用Python计算蛋白质接触顺序

蛋白质接触顺序(CO)是残基间接触的局部性。CO还与蛋白质的折叠速度相关。较高的接触阶数表示较长的折叠时间，而较低的接触阶数来预测潜在的向下折叠，或在没有自由能屏障的情况下发生的蛋白质折叠。

这里有一个内联Web服务器和一个perl脚本来计算CO。

有没有办法计算python中的CO？

您可以利用这样一个事实，即您知道坐标数组的形状始终是(N,3)，因此您可以取消创建数组和调用np.dot，这对于像这里这样的非常小的数组来说效率较低。这样，我就把你的函数重新写成了abs_contact_order2:

from __future__ import print_function, division
import mdtraj as md
import numpy as np
import numba as nb
@nb.njit
def abs_contact_order(xyz, atoms_residue, cutoff_nm=.6):
"""Return the absolute contact order."""
contact_count = 0
seq_distance_sum = 0
cutoff_2 = cutoff_nm*cutoff_nm
N = len(atoms_residue)
for i in xrange(N):
for j in xrange(N):
seq_dist = atoms_residue[j] - atoms_residue[i]
if seq_dist > 0:
d = xyz[j] - xyz[i]
if np.dot(d, d) < cutoff_2:
seq_distance_sum += seq_dist 
contact_count += 1

if contact_count==0.:
return 0.
return seq_distance_sum/float(contact_count)
@nb.njit
def abs_contact_order2(xyz, atoms_residue, cutoff_nm=.6):
"""Return the absolute contact order."""
contact_count = 0
seq_distance_sum = 0
cutoff_2 = cutoff_nm*cutoff_nm
N = len(atoms_residue)
for i in xrange(N):
for j in xrange(N):
seq_dist = atoms_residue[j] - atoms_residue[i]
if seq_dist > 0:
d = 0.0
for k in xrange(3):
d += (xyz[j,k] - xyz[i,k])**2
if d < cutoff_2:
seq_distance_sum += seq_dist 
contact_count += 1

if contact_count==0.:
return 0.
return seq_distance_sum/float(contact_count)

然后计时：

%timeit abs_co = abs_contact_order(traj.xyz[0], seq_atoms, cutoff_nm=0.60)
1 loop, best of 3: 723 ms per loop
%timeit abs_co = abs_contact_order2(traj.xyz[0], seq_atoms, cutoff_nm=0.60)
10 loops, best of 3: 28.2 ms per loop

我已经从函数中删除了print语句，它允许您在nopython模式下运行Numba-jit。如果您真的需要这些信息，我会返回所有必要的数据，并编写一个检查返回值并根据需要打印任何调试信息的瘦包装器。
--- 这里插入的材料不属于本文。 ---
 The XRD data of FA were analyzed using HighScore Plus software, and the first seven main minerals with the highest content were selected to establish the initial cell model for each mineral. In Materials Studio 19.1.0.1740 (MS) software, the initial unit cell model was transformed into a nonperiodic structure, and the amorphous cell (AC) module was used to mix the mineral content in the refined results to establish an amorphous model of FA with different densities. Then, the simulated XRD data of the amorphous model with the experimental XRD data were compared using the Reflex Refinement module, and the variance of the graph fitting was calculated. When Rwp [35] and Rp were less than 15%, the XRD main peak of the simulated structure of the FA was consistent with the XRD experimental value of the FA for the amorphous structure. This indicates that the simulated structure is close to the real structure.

还要注意，当对Numba函数进行计时时，您应该首先通过在计时循环之外调用函数来"预热"jit。通常，如果你要多次调用该函数，Numba jit该函数所需的时间比一次调用的时间要长，所以你并不能很好地了解代码的速度。但是，如果你只调用一次函数，并且启动时间很重要，那么继续按原样计时。

更新：

你可以进一步加快速度，因为你在(i，j)和(j，i)对上循环，它们是对称的：

@nb.njit
def abs_contact_order3(xyz, atoms_residue, cutoff_nm=.6):
"""Return the absolute contact order."""
contact_count = 0
seq_distance_sum = 0
cutoff_2 = cutoff_nm*cutoff_nm
N = len(atoms_residue)
for i in xrange(N):
for j in xrange(i+1,N):
seq_dist = atoms_residue[j] - atoms_residue[i]
if seq_dist > 0:
d = 0.0
for k in xrange(3):
d += (xyz[j,k] - xyz[i,k])**2
if d < cutoff_2:
seq_distance_sum += 2*seq_dist 
contact_count += 2

if contact_count==0.:
return 0.
return seq_distance_sum/float(contact_count)

和定时：

%timeit abs_co = abs_contact_order3(traj.xyz[0], seq_atoms, cutoff_nm=0.60)
100 loops, best of 3: 15.7 ms per loop

确实存在！使用优秀的MDTraj这不是问题：

import numpy as np
import mdtraj as md
@jit
def abs_contact_order(xyz, atoms_residue, cutoff_nm=.6):
"""Return the absolute contact order."""
contact_count = 0
seq_distance_sum = 0
cutoff_2 = cutoff_nm*cutoff_nm
N = len(atoms_residue)
for i in xrange(N):
for j in xrange(N):
seq_dist = atoms_residue[j] - atoms_residue[i]
if seq_dist > 0:
d = xyz[j] - xyz[i]
if np.dot(d, d) < cutoff_2:
seq_distance_sum += seq_dist 
contact_count += 1

if contact_count==0.:
print("Warning, no contacts found!")
return 0.
print("contact_count: ", contact_count)
print("seq_distance_sum: ", seq_distance_sum)
return seq_distance_sum/float(contact_count)

运行使用：

traj = md.load("test.pdb")
print("Atoms: ", traj.n_atoms)
seq_atoms = np.array([a.residue.resSeq for a in traj.top.atoms], dtype=int)
abs_co = abs_contact_order(traj.xyz[0], seq_atoms, cutoff_nm=0.60)
print("Absolute Contact Order: ", abs_co)
print("Relative Contact Order: ", abs_co/traj.n_residues)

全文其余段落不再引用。